Quantos planetas quer comprar?

 


 

Relembro, com saudade, a minha infância; na sua simplicidade: do não tenho nada, mas tenho tudo. A convivência cúmplice com a Natureza, refletia-se no meu olhar e na pureza do meu sorriso.                                                                                                                                                       Vivia dos recursos da Mãe Natureza, com total respeito pela sua existência. Lá em casa, sem contar o Jolie (um cão inexplicável), éramos 4 e dormíamos no único quarto, em duas camas: o mano dormia com o pai e eu com a mãe. A cozinha tinha dois metros quadrados e o restante espaço estava equipado com a mercearia e a taberna. Os produtos comprados eram embrulhados em papel manteiga (no qual, se efetuavam os cálculos) ou colocados, diretamente,  nos talegos do cliente.

  

Nessa época, chamavam-nos país subdesenvolvido. Já em tenra idade questionava essa palavra (assim como outras). Lembro-me de ser eu, um eu solitário: não conseguia duvidar do que sentia, do que pensava e que tanto distava dos que me rodeavam. Em dias de excelência, caminhávamos ao encontro da ribeira, na qual obtínhamos tudo o que necessitávamos: lavávamos a roupa, com sabão azul, que regressava a casa meticulosamente dobradinha e divinalmente cheirosa; ali, na ribeira, tinha lugar o tradicional banho semanal; o pai apanhava o peixe para o jantar; a mãe, enquanto as roupas secavam, recolhia as ervas que o aromatizavam. Se o dia se rasgava em sorriso, a noite… a noite adormecia em puro deleite. Completamente para lá da minha existência, em transe, deitava-me na cama de colchão de lã de ovelha, bem afofadinho, adornado pelos lençóis lavados na água da ribeira. O seu cheiro impregnava-me os sentidos e garantiam uma noite bem dormida. 

Num uso correto, a ribeira, a flora, a fauna… seguiam o seu caminho e, rapidamente, recompunham-se, renovando-se em vida rejuvenescida.

Sempre soube que aquele correto, era, normalmente, nomeado como pobreza.

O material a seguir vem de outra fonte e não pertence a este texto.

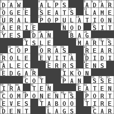 ACROSS 1. Obsolete 4. High mountains 8. The sixth month of the Jewish calendar 12. Double curve, resembling the letter S 14. Theater features 16. Unable to walk 17. Mountain range 18. Census information 20. Nest on high 22. Lower and raise head in agreement 23. Be seated 24. Affirmative reply 25. Daniel's nick name 28. Paper or plastic container 30. Small island 31. Shops 35. Police officer (slang) 37. Mouths or openings 40. Hitchcock's "____ Window" 41. Hero or heavy, e.g. 42. Webber/Rice musical 44. "You Light Up My Life" star Conn 45. Actor Baldwin 46. Blunders 47. Followers of ems 48. _ Allan Poe 50. Visual representation of an object 52. Small bed 54. Baking dish 55. Compass dir. 58. Retirement account (abbr.) 61. Nine, plus one 63. Consumed 65. Pieces 70. Sweet dark-red dessert wine 71. Nights before holidays 72. Off limits 73. Hoop that covers a wheel 74. Gouge 75. Fails to keep up a pace 76. 4-wheeled motor vehicle DOWN 1. A city in N France, SE of Calais 2. Match 3. Erodes 4. Cleo's killer 5. Lion 6. Infant food 7. Make senseless or dizzy 8. Keyboard modifier key 9. Raised platform 10. Mine, in Marseilles 11. Monthly bill 13. Biblical high priest 15. Messy guy 19. First of billions? 21. Begley and Asner 26. _ vera 27. Effrontery 29. Place where plants grow 30. Medicinal drug used to evoke vomiting 32. It's straight from the horse's mouth 33. Small boys 34. Indian title of respect (Mr.) 35. Lacking warmth 36. Cassini of fashion 38. Atmosphere 39. Long narrow piece of something 41. Actress Charlotte 43. "____ silly question..." 49. Printing process, for short 51. Single 53. Portable shelter 55. Unemotional 56. Spanish missionary in California 57. Keyboard key 58. On the rocks 59. Be footloose 60. So be it 62. Anneal 64. Fitting 66. Pacific Standard Time (abbr.) 67. Basketball assoc. 68. Coat; cloak 69. Distress signal

Hoje, não há vida nem banhos na ribeira; as noites são corriqueiras, enjoadas pelos produtos que contaminam o que nos é vital e tentam imitar a doçura do inigualável: Cheiro da ribeira.

Quando caminhámos, a passos que se queriam largos e rápidos (pura ganância e excesso do que tanto sobeja e já não sei onde colocar), na rota do desenvolvimento e em nome da economia, quebrámos o elo com a mãe Natureza e, cada vez mais, a velocidades inimagináveis, destruímos tudo o que é inimitável para a sobrevivência dos seres vivos.

Hoje, constatando a crescente influência das ações humanas, insustentáveis para a biodiversidade, é de extrema urgência: intensificarmos os esforços de conservação, para revertermos os impactos ecológicos negativos e evitar a extinção da vida (tal como a conhecemos) no planeta terra. Para isso, é necessário a conscientização da necessidade de agir, de legislar e desenvolver ferramentas que permitam lidar, de forma eficaz, com as questões ambientais.

Em primeiro lugar, devemos entender a biodiversidade: não só como a grande variedade de formas de vida (animais e vegetais) que são encontradas nos mais variados ambientes e a sua interação; mas também a diversidade genética que cada indivíduo transporta no ADN. Nesse contexto, seres da mesma espécie podem ser imunes a determinadas doenças que para outros são fatais. Se pensarmos no Alentejo, é fácil perceber que estamos a escassas unidades de tempo da desertificação total; as culturas hiperintensivas ocupam milhares de quilómetros quadrados, tendem à exploração  exorbitante do território e dos seus recursos. O mais problemático, é o facto de todas as plantas serem clonadas; ou seja, não existe variedade genética nos indivíduos da mesma espécie; perante qualquer fungo ou doença que atinja um indivíduo, fará com que todos os indivíduos morram; deixando milhares de quilómetros quadrados sem qualquer tipo de vida; após a sobeja utilização  de químicos, na tentativa de travar a caminhada da doença, que poluem os solos e as reservas de água nos lençóis freáticos.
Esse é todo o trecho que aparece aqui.